Nice idea, but the primary key index is not always named PrimaryKey. It is if you create the table in the Access UI, but if the table is created with

CREATE TABLE ddl_single (id LONG PRIMARY KEY, txt TEXT(50))

then the primary key index is named something like Index_DEA703EE_F908_4F52.

liam-veitch commented 4 years ago

That is a shame, looking at the documentation for SQLStatistics, I think we could only go as far as to say that an index was unique; but not definitively that it is the Primary Key.

gordthompson commented 4 years ago

Closing for now. Feel free to re-open if you have any new information or want to discuss this further.

gordthompson commented 3 years ago

Version 1.0.7 added warnings for the unsupported ODBC functions.

tonytheodore commented 3 years ago

Nice idea, but the primary key index is not always named PrimaryKey

The important column in statistics, non_unique (also used in get_indexes), identifies all unique keys. One could use some heuristic like:

if more than one unique key:
    use "PrimaryKey" if exists
    use key with least number of columns
    use key with most references (see below)

I'm guessing unique keys with extra columns are generally some sort of covering/optimisation index - then again, single column uniques could be auto-generated surrogates that aren't really part of the logical model. Many tables created via wizard will have such keys.

Who knows? A warning about using an inferred primary key is possibly more helpful - it's a starting point to refine the source database instead of waiting for upstream changes.

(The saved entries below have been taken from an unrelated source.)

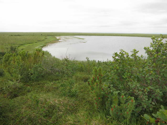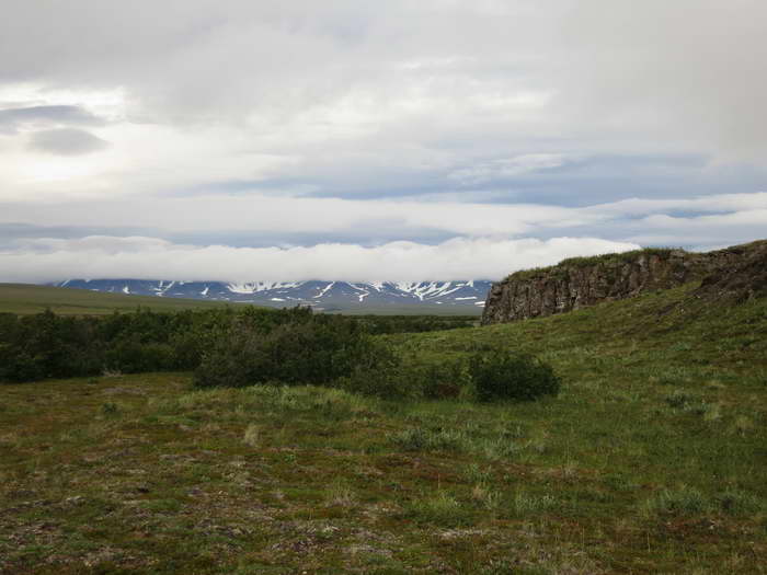 Есть еще интересный вариант тундры — небольшие шестигранные бугры, разделенные глубокими заболоченными канавами-болотцами. Вероятно, это мерзлотный вариант тундры, уж больно эти бугры напоминают мерзлотные вспучивания. Идти по ним тоже нелегко. Канавы частенько не перешагнуть — заболочено, сыро (сапоги-то одеть как обычно лень!), а в бугры подняться очень мешают мягкие мшистые кочки, поросшие жесткой стланиковой березкой. Буксуешь на них, а подняться не можешь. Бугры эти по мере продвижения становились всё больше, и вдруг закончились совершенно внезапно.
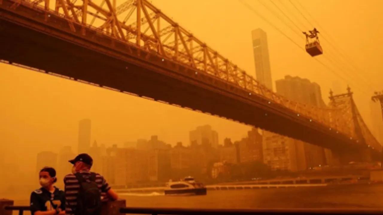Gün boyu puslu havaya sebep olan New York'taki yangın dumanlarının kokusu hissedilirken, yetkililer, özellikle kalp, akciğer ve solunum yollarına bağlı rahatsızlığı olanları dışarı çıkmama konusunda uyarıyor.
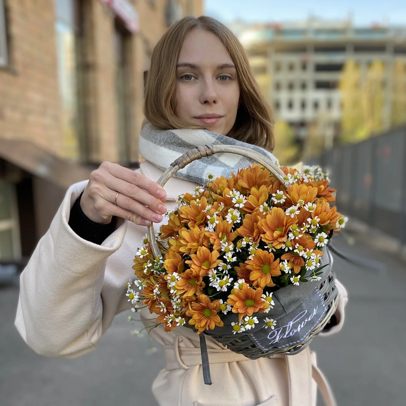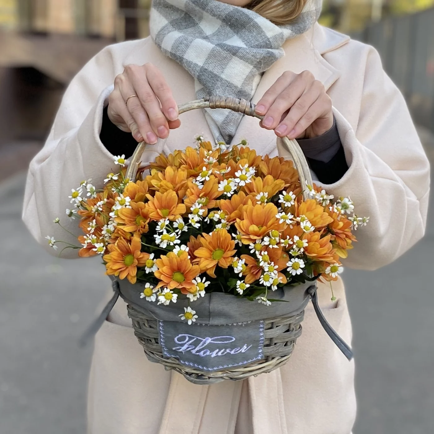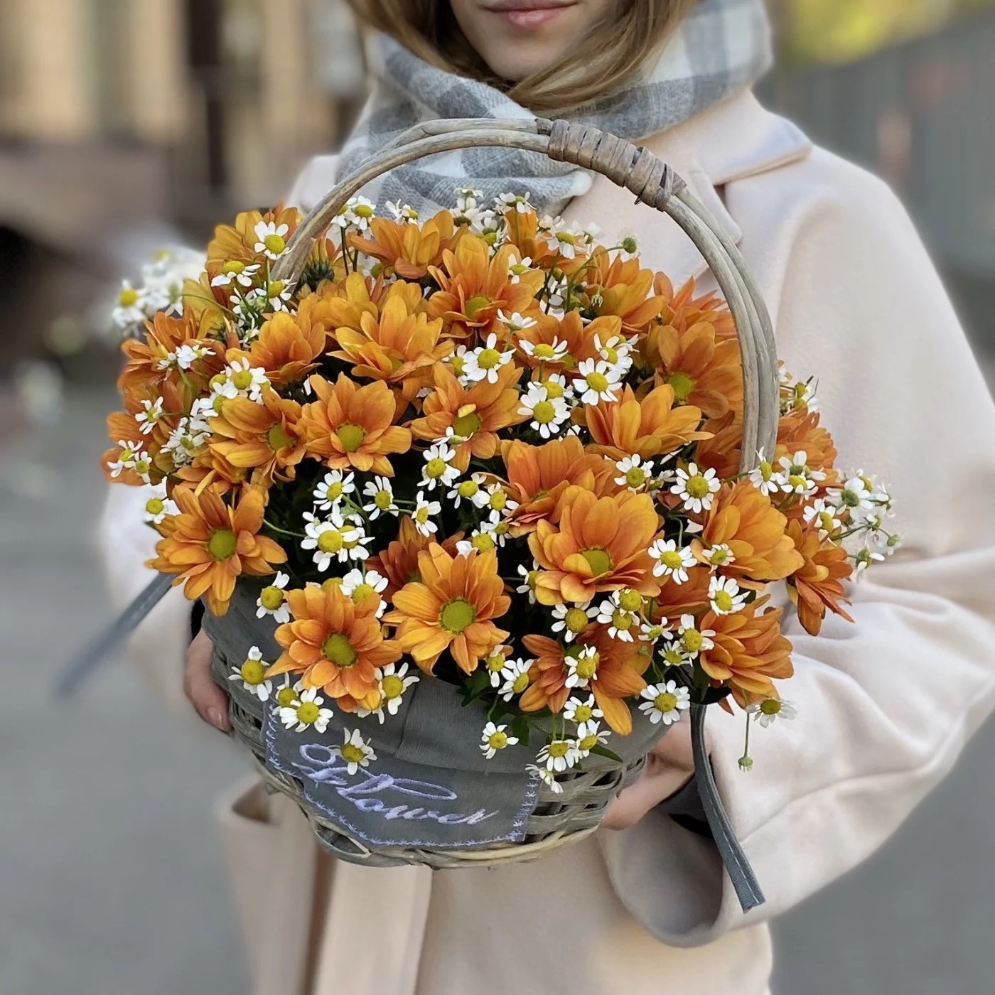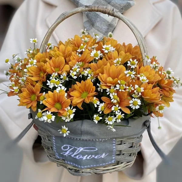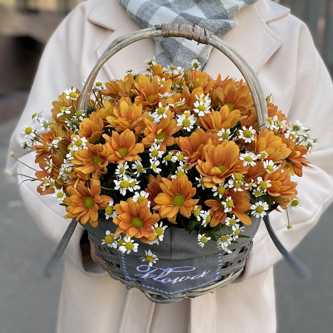 Букет из 5 оранжевых кустовых хризантем с ромашками в корзине — это замечательное, яркое и жизнерадостное цветочное оформление, которое станет прекрасным подарком для любого повода.
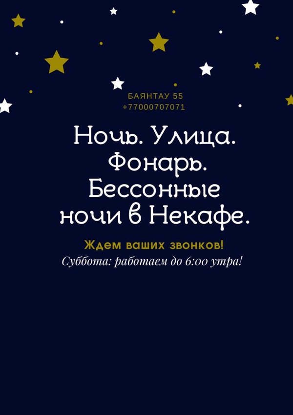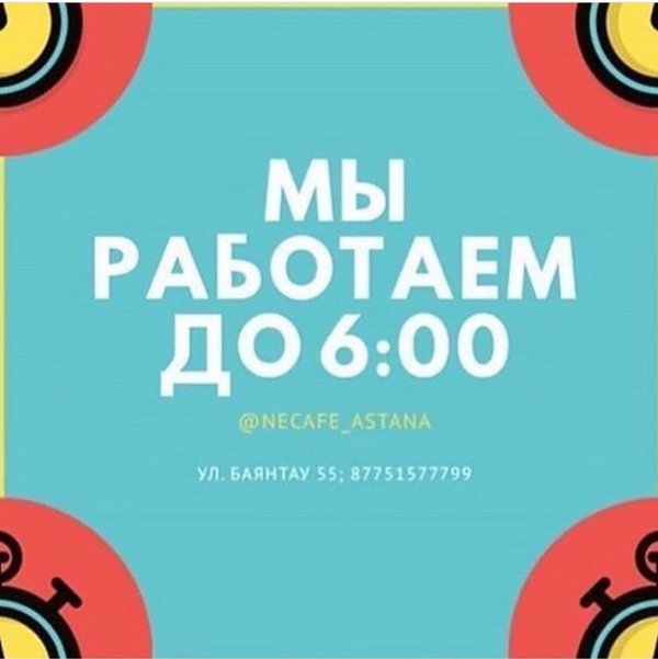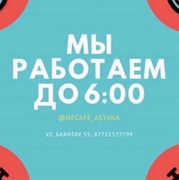 Сегодня — ПЯТНИЦА-Время Тусить Кутить, а значит мы открыты до 6 утра Будем рады каждому гостю Вы готовы к бессонной ночи в Некафе? ————————————————— Адрес: ул. Баянтау 55 (Жумабаева-Момышулы) Телефон:,
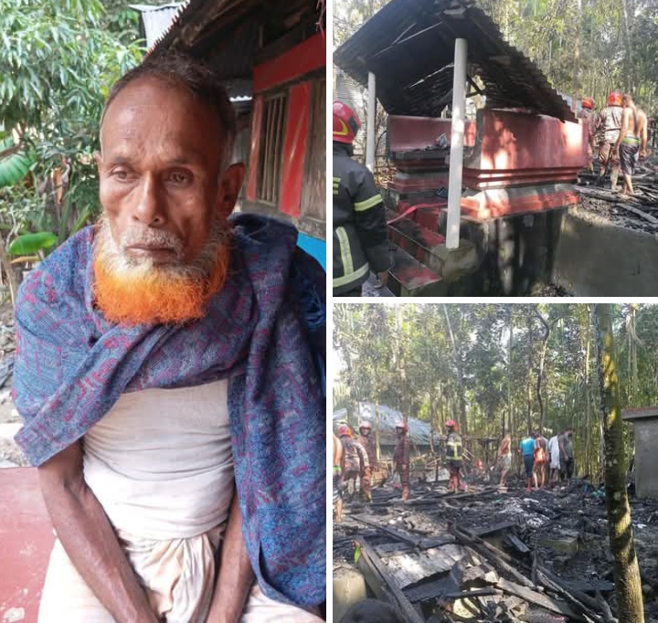রাজাপুরে বৈদ্যুতিক শর্ট-সার্কিটে দিনমজুর “ফজলুর” বসতঘর পুড়ে ছাই, খোলা আকাশের নিচে নিঃস্ব পরিবার

Another way to infer an ambiguous primary key would be to check the foreign keys that reference it. I assume people refine their models over time and start using explicit keys beyond the suggested ones without deleting the originals.

I see in the history that system tables can cause problems, but querying MSysRelationships could round out both primary and foreign key support. If it fails, it fails - again, better to start with an educated guess than relying on upstream support. Given how mature ODBC is, one can imagine Microsoft may never add support for these functions.

The other approach (maybe as an additional fallback), is DAO mentioned in the header for jet2sql.py. A mechanical 2to3 conversion and new DAO version generates a reasonably complete schema (data type mapping aside). It will only work on Windows, but I fell back to that since I could only get iODBC working on the Mac, while pyodbc is linked to unixODBC...

gordthompson commented 3 years ago

Hi @tonytheodore . Thanks for the ideas.

In the course of reviving this dialect I considered a few of the suggestions you mention (e.g., using DAO to get at the "real" metadata) but ultimately decided against it. As stated in the README, the main purpose of the dialect is to help people who just want to save a pandas DataFrame into an Access database. .to_sql() requires a SQLAlchemy Engine/Connectable for any database other than SQLite, so the dialect was the missing piece of the puzzle.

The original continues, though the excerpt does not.